* **PROBLEM DESCRIPTION**
Beneath this instruction is a block of data; output from it exactly the lines that run from the one containing "Магнитные бури в" through the one containing "Vendo todo el", inclusive.

* **RECORD SET**
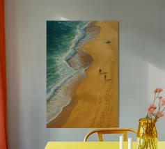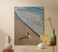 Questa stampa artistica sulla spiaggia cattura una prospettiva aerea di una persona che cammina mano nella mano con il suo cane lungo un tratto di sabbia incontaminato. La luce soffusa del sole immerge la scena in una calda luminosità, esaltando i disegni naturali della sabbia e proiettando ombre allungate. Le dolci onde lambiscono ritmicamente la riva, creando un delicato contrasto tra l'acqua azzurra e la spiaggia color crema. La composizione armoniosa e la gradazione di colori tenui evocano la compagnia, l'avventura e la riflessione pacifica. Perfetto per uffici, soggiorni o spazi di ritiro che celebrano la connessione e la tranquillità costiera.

---

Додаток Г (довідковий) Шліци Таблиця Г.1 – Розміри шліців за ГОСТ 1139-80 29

...

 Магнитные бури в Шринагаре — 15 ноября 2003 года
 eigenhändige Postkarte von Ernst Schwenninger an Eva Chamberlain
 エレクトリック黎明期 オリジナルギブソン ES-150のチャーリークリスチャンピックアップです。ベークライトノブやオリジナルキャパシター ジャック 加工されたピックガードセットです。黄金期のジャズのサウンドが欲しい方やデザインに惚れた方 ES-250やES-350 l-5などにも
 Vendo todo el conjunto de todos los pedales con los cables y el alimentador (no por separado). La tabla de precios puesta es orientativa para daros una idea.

* **RESPONSE BELOW**
 Магнитные бури в Шринагаре — 15 ноября 2003 года
 eigenhändige Postkarte von Ernst Schwenninger an Eva Chamberlain
 エレクトリック黎明期 オリジナルギブソン ES-150のチャーリークリスチャンピックアップです。ベークライトノブやオリジナルキャパシター ジャック 加工されたピックガードセットです。黄金期のジャズのサウンドが欲しい方やデザインに惚れた方 ES-250やES-350 l-5などにも
 Vendo todo el conjunto de todos los pedales con los cables y el alimentador (no por separado). La tabla de precios puesta es orientativa para daros una idea.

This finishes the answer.